Why Bother Creating One?

The default seccomp profile in Docker may often be "good enough" and if you have no experience with it, then "improving" or otherwise customizing it might not be the best use of your time. There are however some reasons that might give you enough motivation to change the default seccomp profile:

From time-to-time a security breach is found. This is inevitable and further restricting default seccomp profile might lower the chance of the security breach effecting your applications. One such incident was CVE 2016-0728, which allowed user to escalate privileges using keyctl() syscall. After this incident, this syscall is now blocked by default seccomp profile, but there might be more such exploits in the future...

Another reason to restrict the seccomp profile would be that if certain subsystem has a security bug, attackers won’t be able to exploit it from your containers because the related syscalls have been blocked. This subsystem can be dependency, library or some part of the system of which you have no control of. You also probably have no way to fix the issue in that subsystem and to prevent the issue from being exploited you need to block it on different layer, e.g. in seccomp profile.

Potential exploits and security breaches become even more important when you're dealing with PII data or when building mission-critical applications, such as software used in health care or power grid.
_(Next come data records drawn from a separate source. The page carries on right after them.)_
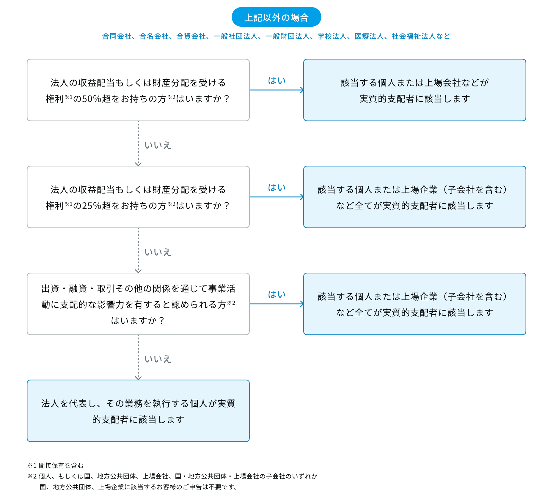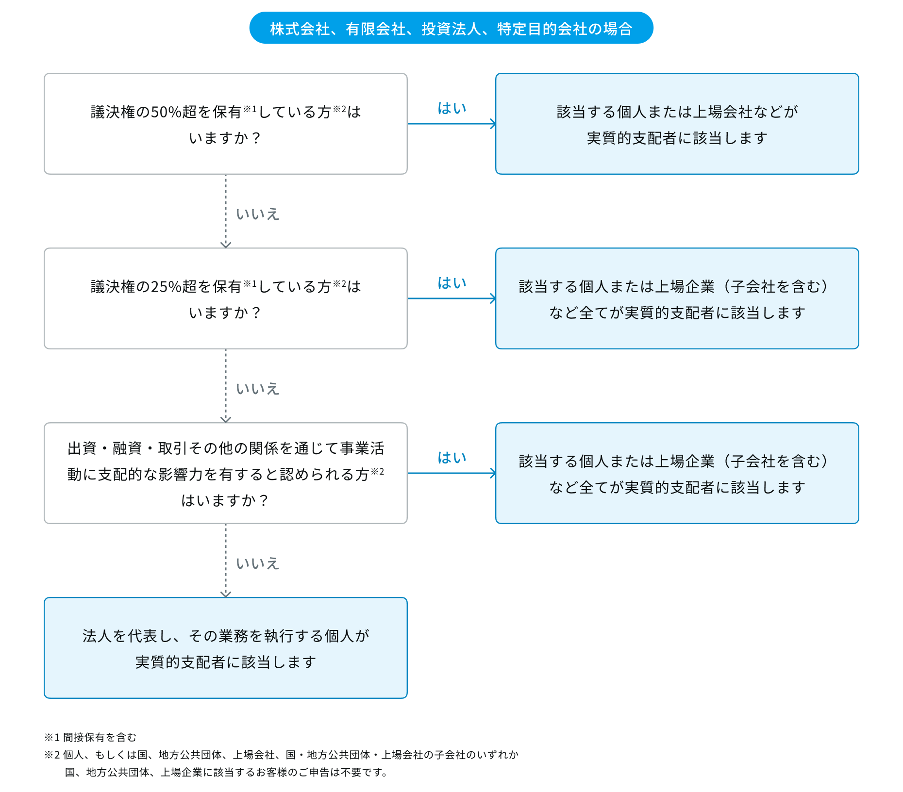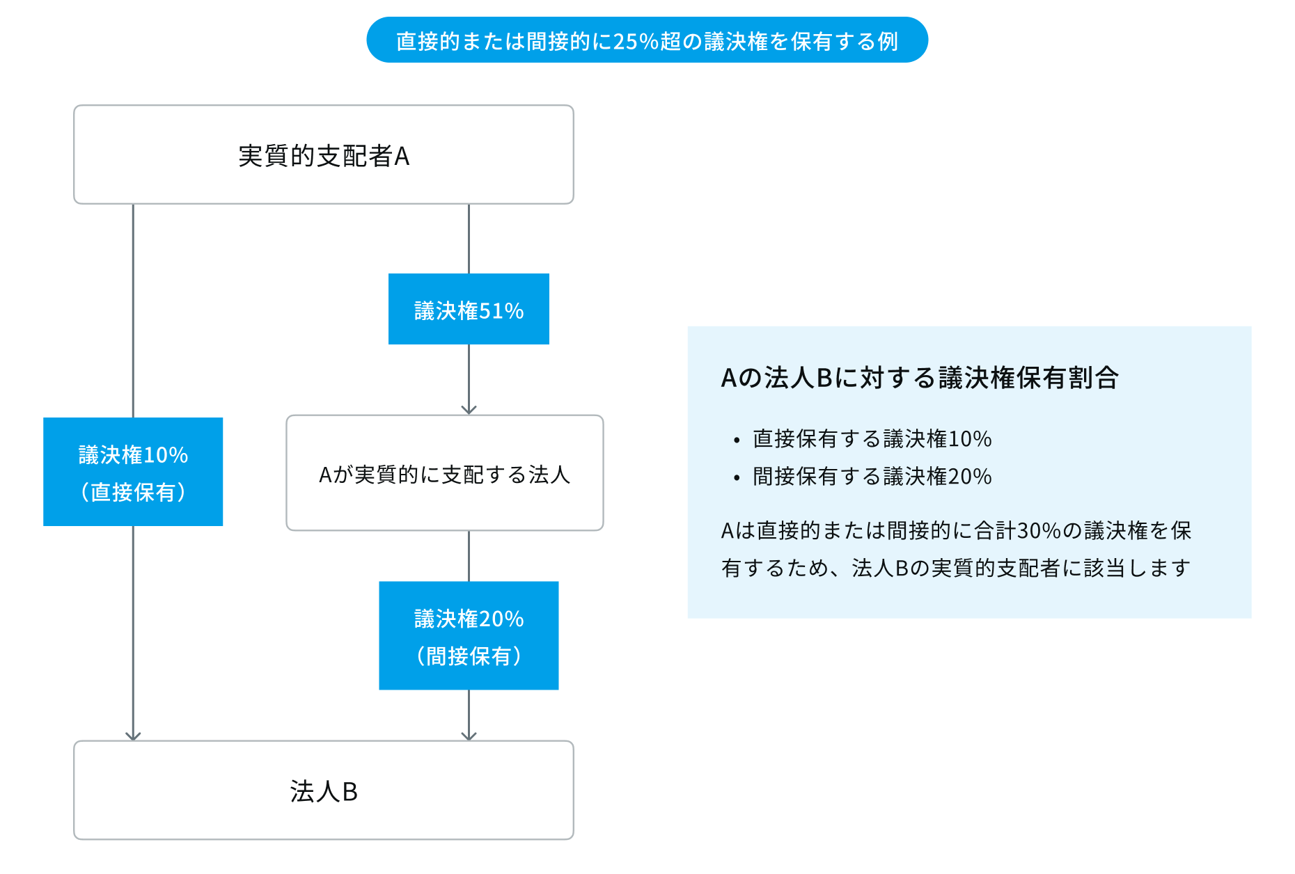 ※「間接保有」とは、個人が自らの支配する法人(50%超の議決権を保有する法人)を通じて、間接的に別の法人の議決権を保有することを指します。以下の例の場合、実質的支配者Aは直接的または間接的に25%以上の議決権を保有するため、法人Bの実質的支配者に該当します。
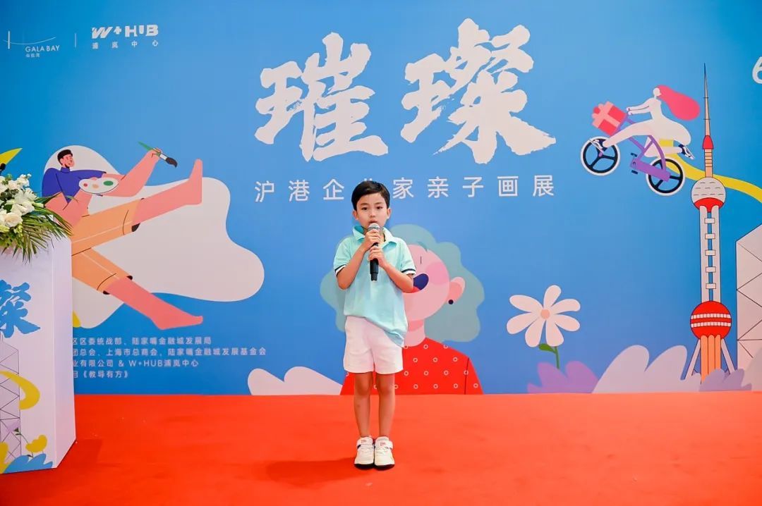 6月17日下午,「璀璨」“沪港企业家亲子画展”开幕式于上海陆家嘴瑞明大厦2F成功举办。本次画展由浦东新区区委统战部、陆家嘴金融城发展局指导,沪港社团总会、上海市总商会、陆家嘴金融城发展基金会支持,中船置业有限公司&W+HUB浦岚中心主办,教育节目《教导有方》联合发起。
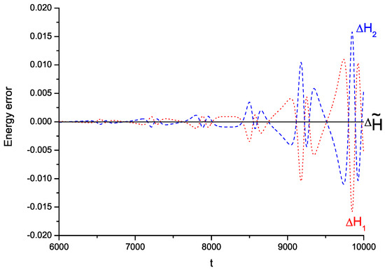 The energy errors of the Hamiltonian in Equation (16), as computed using the algorithm after the extended phase space, can be expressed as , whereas and represent the value of the Hamiltonian at time t. denotes the initial value of the Hamiltonian in Equation (16). Time–axis symmetry exists between (red dot) and (blue dash).
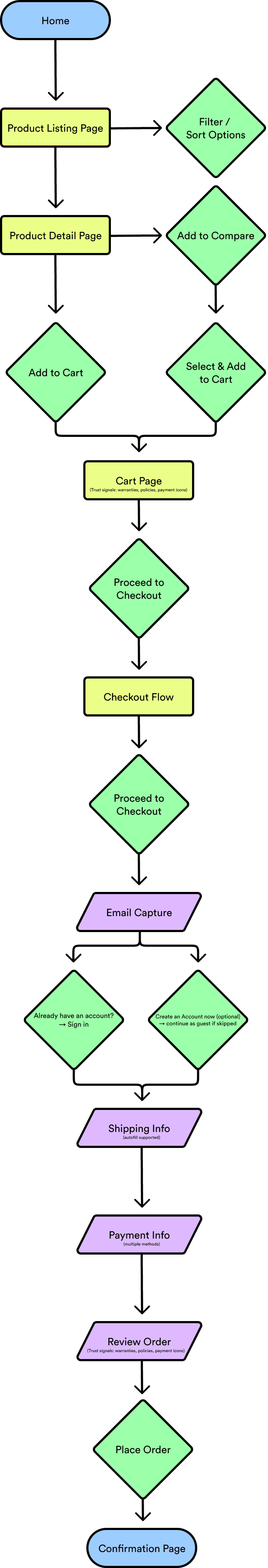 Competitive Analysis – Documented purchase flows from Trek, Amazon, and Target, noting where they supported product comparison, how they structured checkout, and which trust signals they emphasized.
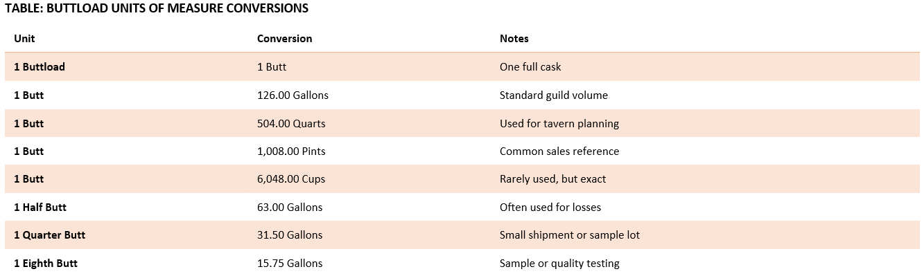 To help clerks move between ledger entries and local sales, buttloads are converted into smaller units. The table below shows common conversions used by warehouse scribes and port officials across the Sword Coast.
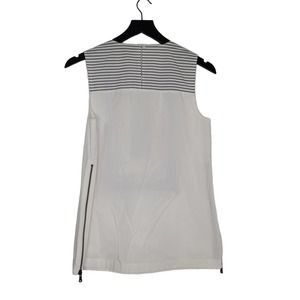 J. Crew Sleeveless Top Sz 0 White Beaded Stripe Side Zip Keyhole Back Round Neck
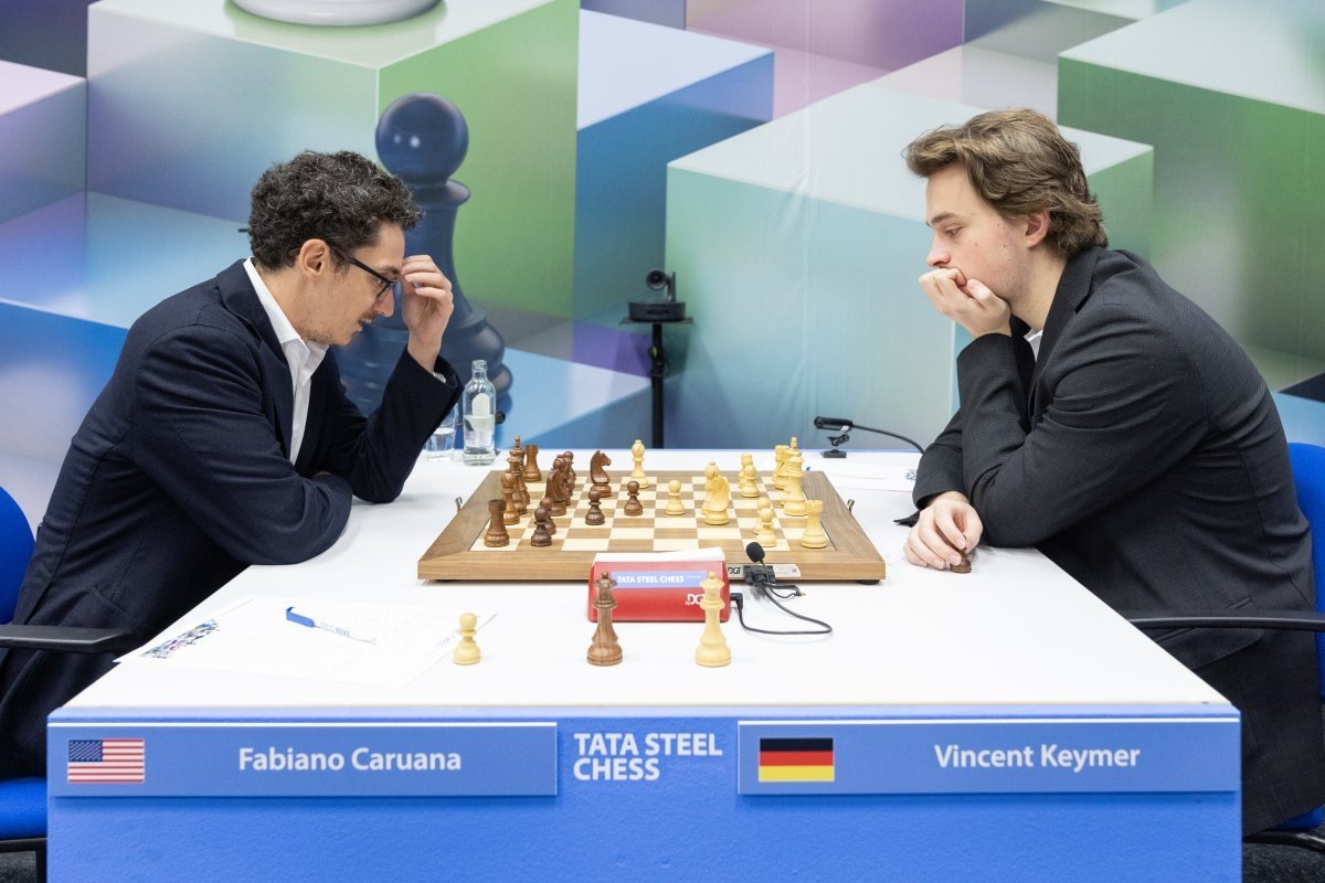 В главном турнире – без изменений. Якуббоеву пришлось объясняться. Masters Долгое время казалось, что все партии в главном турнире закончатся вничью, но Каруана и Вэй в итоге одержали победы. Впрочем, это не поменяло состав лидеров – Абдусатторов, Праггнанандха и Гукеш по-прежнему впереди. Кеймер – Каруана (0-1) В разменном варианте ферзевого гамбита Винсент решил все дебютные проблемы, но начал играть пассивно. В эндшпиле Фаби продемонстрировал превосходство двух слонов над слоном и конем, выиграл качество и довел проходную до второй горизонтали, заставив соперника сдаться. Кеймер (белыми) – Каруана (черными) Фото: tatasteelchess/Jurriaan Hoefsmit Победа возвращает Каруану в +1, и оставляет его в борьбе за первое место. На +1 вышел и Вэй И, в затяжной партии одолевший черными Вармерама. В шотландской партии Макс сильно пожертвовал качество за пешку и пару слонов. Однако, поторопился разменять слона на коня и китаец сумел активизировать свои фигуры (в первую очередь – ладью a8), на 50-
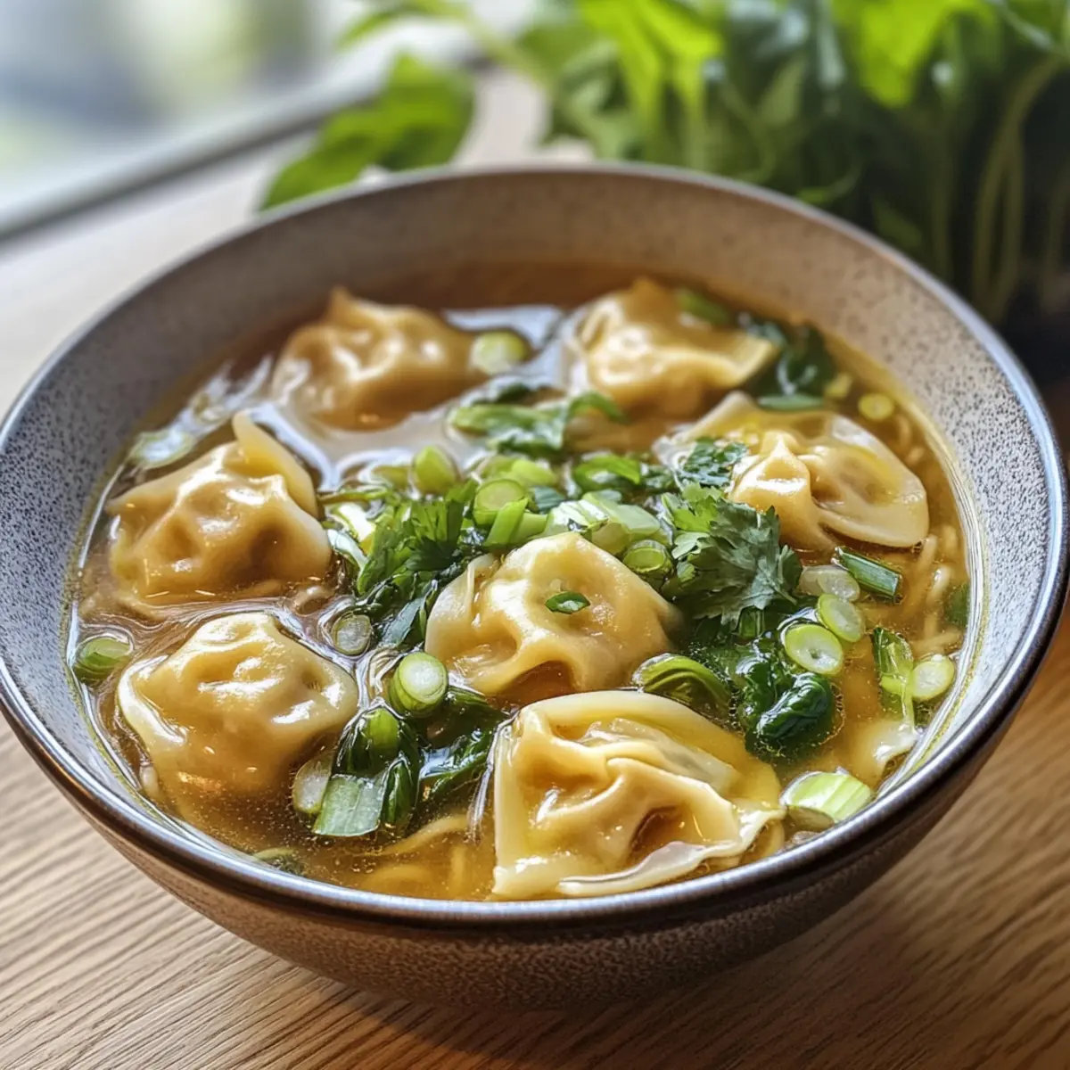 Ladle the warm Vegan Wonton Noodle Soup into bowls, ensuring each has a good amount of noodles, wontons, and greens. Garnish with chopped scallions, fresh cilantro, and a drizzle of chili oil if desired. Each bowl is now ready to offer a heartwarming, nourishing experience!

In these cases any little security improvement counts and customizing seccomp profile might be a worthwhile effort.

Besides all these specific reasons, limiting syscalls that can be used by your containers limits the attack vectors that can be used, e.g. backdoors in Docker upstream images or exploitable bugs in applications.

Customizing a Profile

Now, if we established that we have a good reason to change the seccomp profile, how would we actually go about doing that? One way to write seccomp filter is to use Berkeley packet filter (BPF) language. Using this language isn't really simple or convenient. Luckily we don't have to use it - instead we can write JSON that is compiled into profile by libseccomp. Simple/minimal example of such profile could look like this:

{
    "defaultAction": "SCMP_ACT_ERRNO",
    "syscalls": [
        {
            "names": [
                "accept",
                "chown",
                "kill",
                "mmap",
                ...
            ],
            "action": "SCMP_ACT_ALLOW",
			"args": [],
			"comment": "",
			"includes": {},
			"excludes": {}
        }
    ]
}

Generally it's preferred to use whitelist instead of blacklist and to explicitly the list allowed syscalls and forbid any other. That's exactly what the above profile does - by default, it will use action SCMP_ACT_ERRNO which causes Permission denied for all syscalls. For the ones we do want to allow we list their names and specify the SCMP_ACT_ALLOW action.

These JSON profiles can use quite a few options and can become very complex, so the one above is really trimmed it down to bare minimum. To see how real profile would look like you can check out Dockers profile here.

Now that we understand seccomp profiles little more, let's play with Docker. Before we try applying any custom profiles though, let's first experiment a little bit and override the seccomp defaults:

# Run without seccomp profile:
~ $ docker run --rm -it --security-opt seccomp=unconfined alpine sh
/ # reboot  # Works, oops
# Run with default seccomp profile
~ $ docker container run --rm -it alpine sh
/ # reboot  # Doesn't work

Above we can see what happens if we disable seccomp completely - any syscall is available, which allows the user in container to - among other things - reboot host machine. The --security-opt seccomp=... in this example is used to disable the seccomp. It's also the way to apply custom profiles, so let's build and apply our own custom profile.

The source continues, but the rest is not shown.